Finance Minister Kevin Falcon explains steps for reinstating the retail provincial sales tax

HST voted out, but passed in Nechako Lakes region

The harmonized sales tax (HST) was defeated in B.C. on Friday after it was rejected by 54.73 per cent of voters in the province.

The harmonized sales tax (HST) was defeated in B.C. on Friday after it was rejected by 54.73 per cent of voters in the province.

Results for the Nechako Lakes riding however, showed that 53.32 per cent of voters were not in favor of dumping the HST and reinstating the provincial sales tax (PST) and goods and services tax (GST).

In the Nechako Lakes region, 7,767 votes were cast to answer the question – Are you in favour of extinguishing the HST and reinstating the PST in conjunction with the GST?

A total of 3,626 (46.68 per cent) voted yes and 4,141 said no.

The process to re-implement the PST and GST tax structure is expected to take a minimum of 18 months.

An action plan has been established to aid the transition process. The PST will be reinstated at seven per cent with the same exemptions that existed before July 2010.

Nechako Lakes MLA, John Rustad says he is both disappointed and concerned with the provincial referendum results.

“I’m very disappointed with the vote results … although I was pleased to see that the majority of people in the Nechako Lakes region voted to keep the HST,” said Rustad.

“HST was designed to be able to support the resource sector such as our agriculture industry, our forest industry and our mining industry and so now we won’t have that support for those industries … it’s going to create all kinds of challenges for us,” he said.

As well as his concerns for the resource sector, Rustad says he is also worried about the budget impact that getting rid of the HST will have on the province.

“Three billion dollars over the next two years is going to be very challenging … the flexibility we will have as a province with our budget now is severely constrained – it makes it very challenging to be able to put anything on the table,” he said.

He added that despite the criticism he has received by supporting the HST, he still thinks it would have brought many benefits to the Nechako Lakes riding.

“Some people were commenting that I shouldn’t have supported the HST to begin with because it was a negative impact to the riding –  but in our riding the HST would have meant about $1.80 or more return for every dollar invested by tax payers,” said Rustad.

“Those were the benefits that would have come back to our riding … it’s going to be very difficult for me personally … to have to be part of a government that tries to bring back the PST,” he said.

The HST failure will be particularly bad news for the agricultural industry, Rustad added.

 

“When I was first elected in 2005 the agricultural industry came to me and said ‘we have got to do something about this PST – it is a killer for our industry – so much cost, so much paper work’ –  and here I am now in a situation where we had the solution for the agriculture industry and now we are going to have to do something that I know is going to hurt them – its going to be a really tough thing for me to do,” said Rustad.

 

Local rancher and member of the BC Cattleman’s Association, Larry Garrett says the old PST tax is a nightmare for ranchers.

“To go back to the old dysfunctional PST system is just awful – its administratively a nightmare,” Garrett told the Express on Friday.

He added that be wasn’t surprised that the HST passed in the Nechako Lakes region and failed to pass in other regions.

“I’m not surprised that we passed it in this area and that the urban areas shot it down …

“That’s one of the consequences of a referendum – certain areas will suffer because someone in Vancouver is worrying about paying an extra 95 cents for a hair cut – I understand it’s certainly hard for the urbanites to see the big picture, but from up here we do see the big picture because it effects us,” said Garrett.

The rancher added that going forward, he would like to see a different tax system developed for the agriculture industry.

Under the former PST/GST system, there were a number of items that were exempt from the tax when used for farming and ranching purposes.
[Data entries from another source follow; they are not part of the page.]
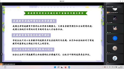 在本次宣講結束之際,團隊成員們打開攝像頭完成了大合照的拍攝。希望在《家庭教育促進法》和《預防未成年人犯罪法》落地實施的指導下,將家庭教育指導融入基層治理日常,進而延伸司法保護的觸角,將對未成年人的保護想在前,做在先。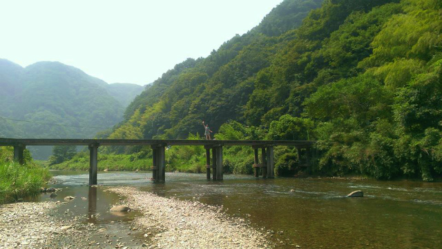 家族で、川に遊ぶ。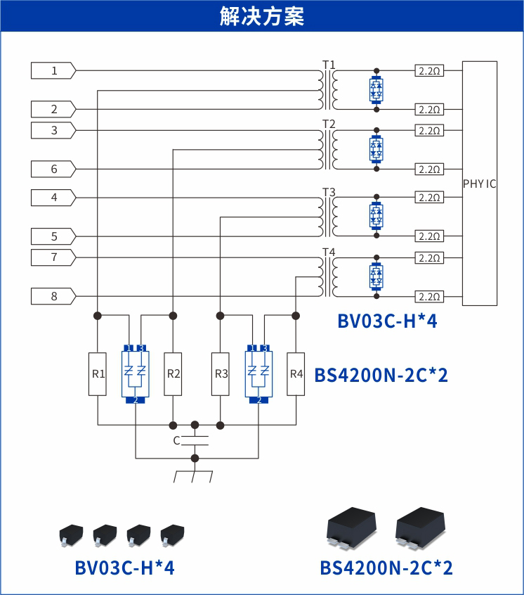 第二級防護(hù),為滿足千兆網(wǎng)口高速數(shù)據(jù)傳輸對防護(hù)器件性能參數(shù)設(shè)計要求,檳城電子推薦使用低容ESD器件BV03C-H,工作電壓 3.3V,結(jié)電容1.5pF,峰值脈沖電流25A,采用SOD323封裝,并符合IEC 6100-4-2 (ESD)±30kV (空氣放電) 和±30kV (接觸放電) 標(biāo)準(zhǔn)。該方案在75℃高溫環(huán)境下能保證數(shù)據(jù)傳輸無丟包,可吸收差模浪涌殘余能量,有效保護(hù)PHY,同時后級可以串接2.2Ω電阻作為退耦器件,阻礙浪涌或ESD電流往后級流動迫使BV03C-H快速充分地導(dǎo)通。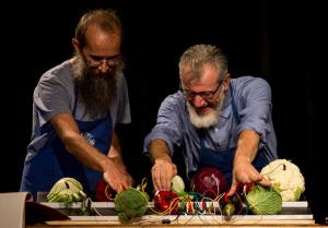 Le verdure in scena suonano, cantano, si raccontano attraverso la tecnologia di OTOTO (da Arduino). Bagini e Carlone accompagnano melanzane, carote, zucchine, cetrioli dolci, con flauti traversi, sax e chitarre per dare vita a un concerto sostenibile, un vero “live in the garden”.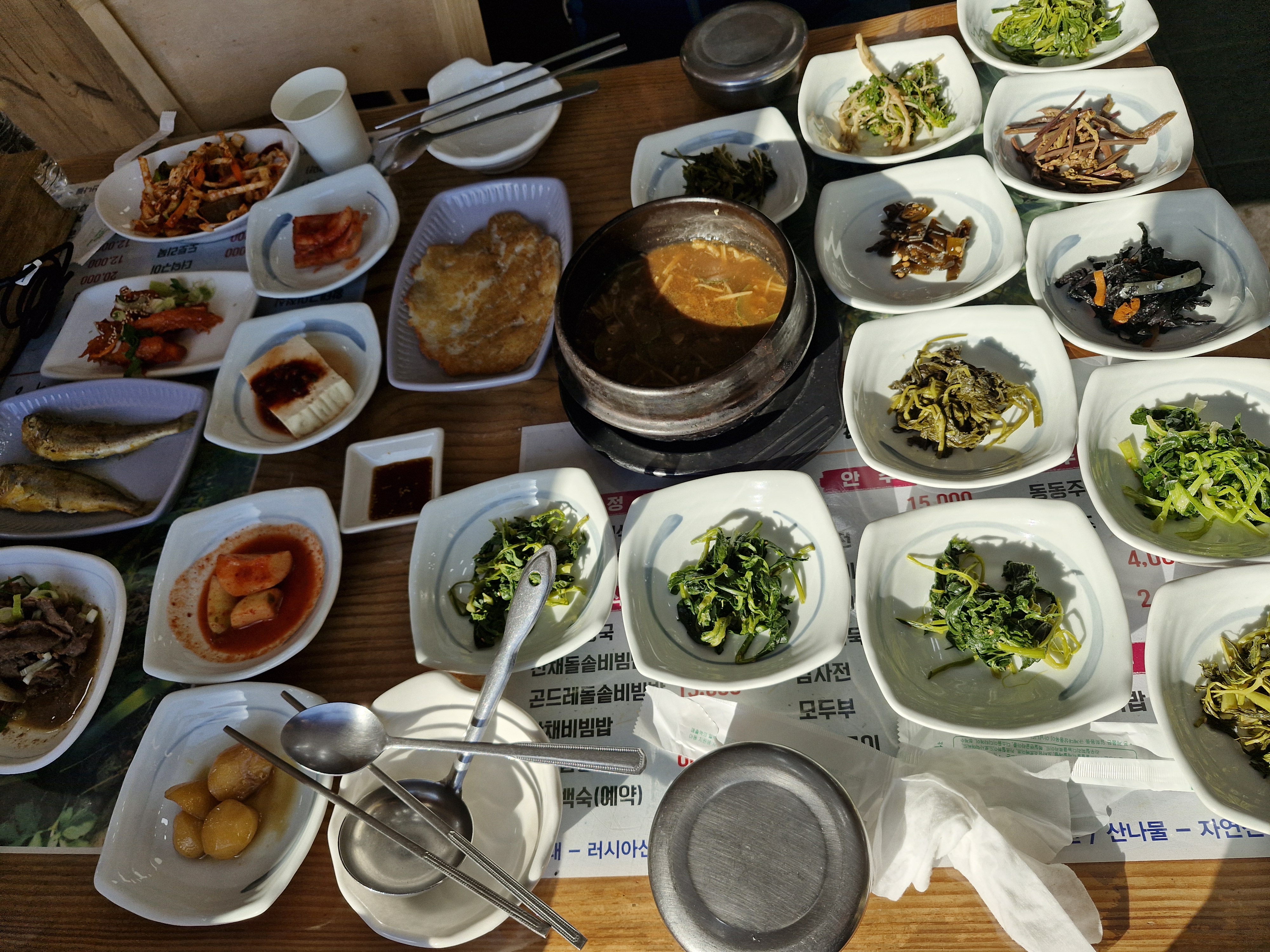 월정사 주차장에 도착하여 가마솥 식당에서 정식(12,000원)을 주문하니 오대산에서 뜯은 산나물이 정갈하고 맛이 있어서 리필을 했다. 고기는 손을 대지 않고 산나물만 먹었다.

However, Garrett says this list is not detailed enough to include all the items needed to meet today’s ranching needs.

“The way it is now – it’s ridiculous.

“If I buy barn poles to build a barn  – barn poles are not exempt – when you go and complicate things by having the item exempt from PST – that to me is a more dysfunctional way.

“The qualifying rancher should be exempt – not the item,” said Garrett.

Rustad says he will be looking into what he can do to help out the agriculture industry as they go back to the old tax structure, however it will be difficult to do so with out causing delays to the transition.

 

“There are a few things I’m going to be looking at here over the next few months … things that we can do to improve the situation of the PST for the agriculture industry – but having said that it’s almost impossible to make any significant changes to the PST while we’re in the process of re-implementing – if we were to do that, all it would do is delay the date of which we would replace the HST with the PST,” said Rustad.